*Exercise objective*. Pictures excluded, return the lines below from the first through the line holding "Протокол матча Эльче против Расинг де Феррол".

*Source material*.
*** Block opens ***
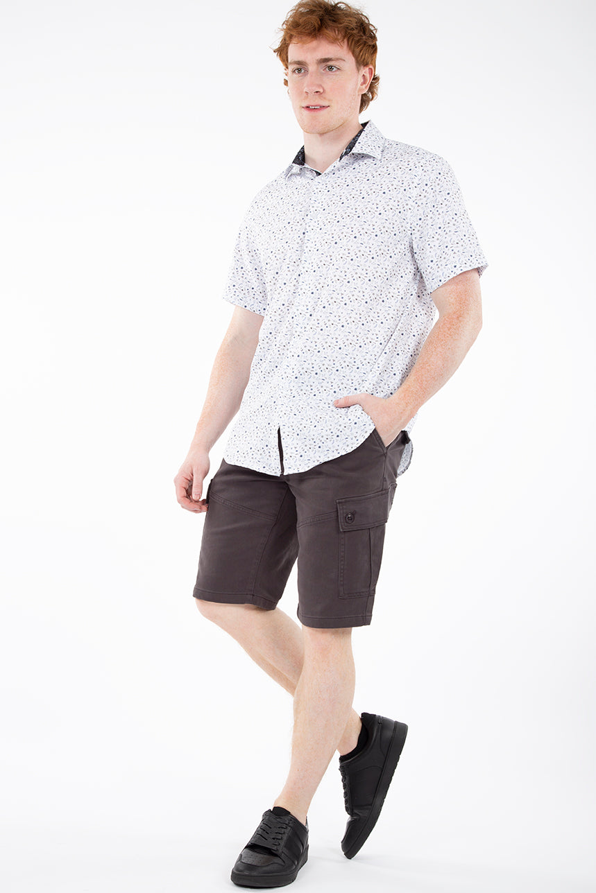 Bermuda cargo pour homme, de la marque Projek Raw. Poches latérales et poches arrière boutonnées. Poches cargo sur les côtés. Découpes graphiques avec coutures ton sur ton. Taille élastique ajustable sur cordon coulissant. On aime le look cargo de ce bermuda pour homme qui s’agence parfaitement avec tous vos t-shirts, polos et camisoles.
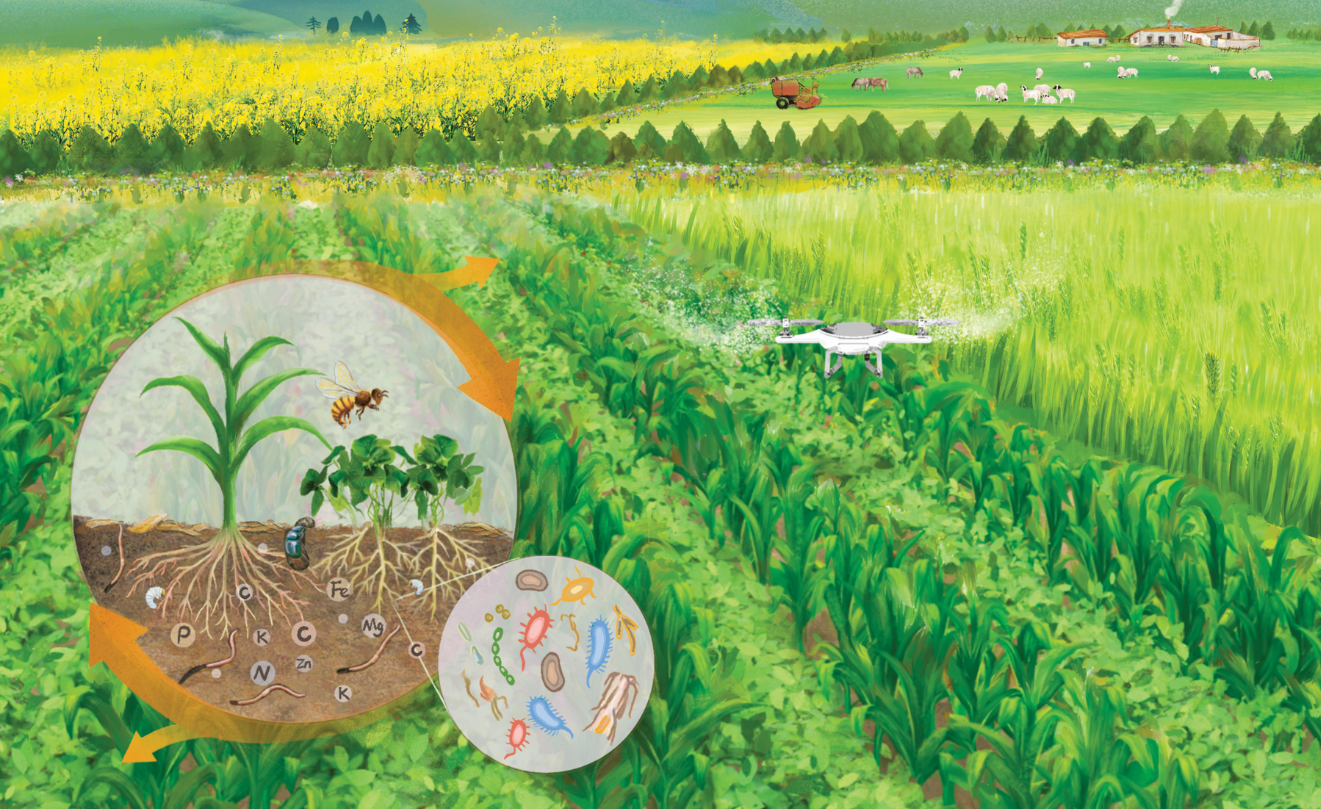 The cover picture exhibits a vision of future sustainable crop and pasture systems in North China Plain in early May. Winter wheat is under grain filling stage, spring maize at the elongation stage and spring soybean at the branching stage are grown as intercrops. At a distance, oilseed rape is at the end of flowering stage, and pasture is just after spring cut by grass harvester. Such cropping systems are charaterized by two key features: (1) crop diversification with intercropping and crop rotation at the field scale, and hedges and flower strips at the landscap [Detail] ...
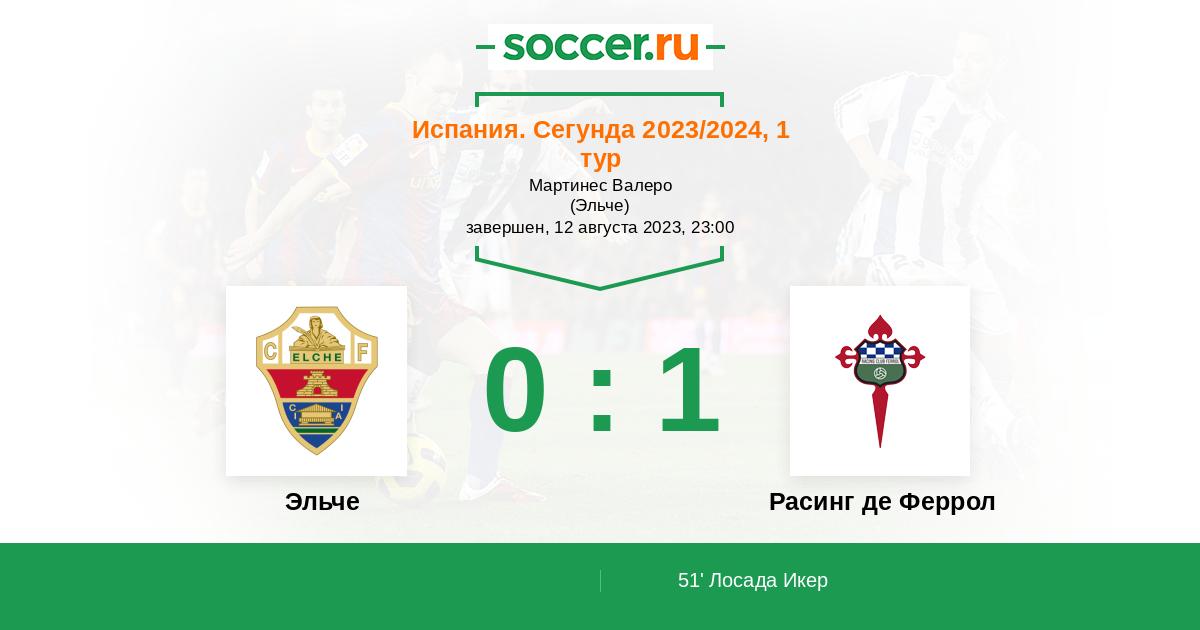 Протокол матча Эльче против Расинг де Феррол
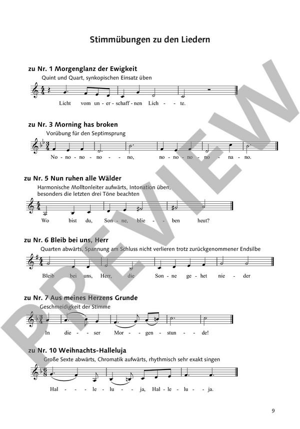 Michel-Becher, Jutta, ed Das Seniorenchorbuch mit Repertoire für den Gottesdienst Kirchenlieder und Psalmvertonungen Allein Gott in der Höh sei Ehr Alles ist an Gottes Segen Auf, auf, mein Herz, mit Freuden Aus meines Herzens Grunde Ave verum corpus Befiehl du deine Wege Bleib bei uns, Herr Can The Circle Be Unbroken Christ ist erstanden Christus, der ist mein Leben Da berühren sich Himmel und Erde Da pacem, Domine Der du die Zeit in Händen hast Der Mensch gleicht einem Hauch (aus Psalm 144) Der Tau fällt vom Himmel Die Nachtigallen Ecce panis angelorum Erhör, o Gott, mein Flehen Es ist ein Traum Folge niemals dem Rat Gelobt sei Gott im höchsten Thron Gelobt sei und gebenedeit Heaven Is A Wonderful Place Herr Christ, dein bin ich eigen Herr Jesu Christ, dich zu uns wend Herr, wer kennet deine Wege Heut ist gefahren Gottes Sohn Himmel, Erde, Luft und Meer Himmelfahrtslied Holz auf Jesu Schulter Im Gonna Sing In dir ist Freude In Your Name Ins Wasser fällt ein Stein Komm, o komm, du Geist des Lebens Kommt, Seelen, dieser Tag Lass uns in deinem Namen, Herr Leite mich (nach Psalm 4 und 5) Lieder der Hoffnung Lobe den Herren Lobet den Herren, alle, die ihn ehren Macht hoch die Tür Maria, unsre liebe Frau Morgenglanz der Ewigkeit Morning Has Broken Nun lobet Gott im hohen Thron Nun ruhen alle Wälder Regina coeli Schönster Herr Jesus Seele, dein Heiland Si iniquitates observaveris So nimm denn meine Hände Sommarpsalm Soon The Hoar Old Year Will Leave Us Tiefen Frieden Tochter Zion, freue dich Was Gott tut, das ist wohlgetan Weihnachts-Halleluja Were You There Wie groß sind deine Werke, o Herr (aus Psalm 92) Wisst ihr noch, wie es geschehen Zeige uns den Weg KANONS: Ave maris stella Blumen sind das Lächeln der Erde Der Geist weht, wo er will Es werden kommen Frieden im Herzen Gib Gott! Halleluja Halleluja, fröhlich singet Ich bin der Weinstock In der Welt habt ihr Angst- Jesus Christus gestern und heute Jubilate Deo Komm nun, weihnachtlicher Geist Lebe dein Leben! Mögest du ein Lied in deinem Herzen haben Musik der Seele Sende dein Licht Siehe, die Trauer Vergebt einander Von allen Seiten umgibst du mich Wende dein Gesicht der Sonne zu Wie laut dich auch der Tag umgibt Zu neuen Ufern
*** Block closes ***
*Answer section*.
 Bermuda cargo pour homme, de la marque Projek Raw. Poches latérales et poches arrière boutonnées. Poches cargo sur les côtés. Découpes graphiques avec coutures ton sur ton. Taille élastique ajustable sur cordon coulissant. On aime le look cargo de ce bermuda pour homme qui s’agence parfaitement avec tous vos t-shirts, polos et camisoles.
 The cover picture exhibits a vision of future sustainable crop and pasture systems in North China Plain in early May. Winter wheat is under grain filling stage, spring maize at the elongation stage and spring soybean at the branching stage are grown as intercrops. At a distance, oilseed rape is at the end of flowering stage, and pasture is just after spring cut by grass harvester. Such cropping systems are charaterized by two key features: (1) crop diversification with intercropping and crop rotation at the field scale, and hedges and flower strips at the landscap [Detail] ...
 Протокол матча Эльче против Расинг де Феррол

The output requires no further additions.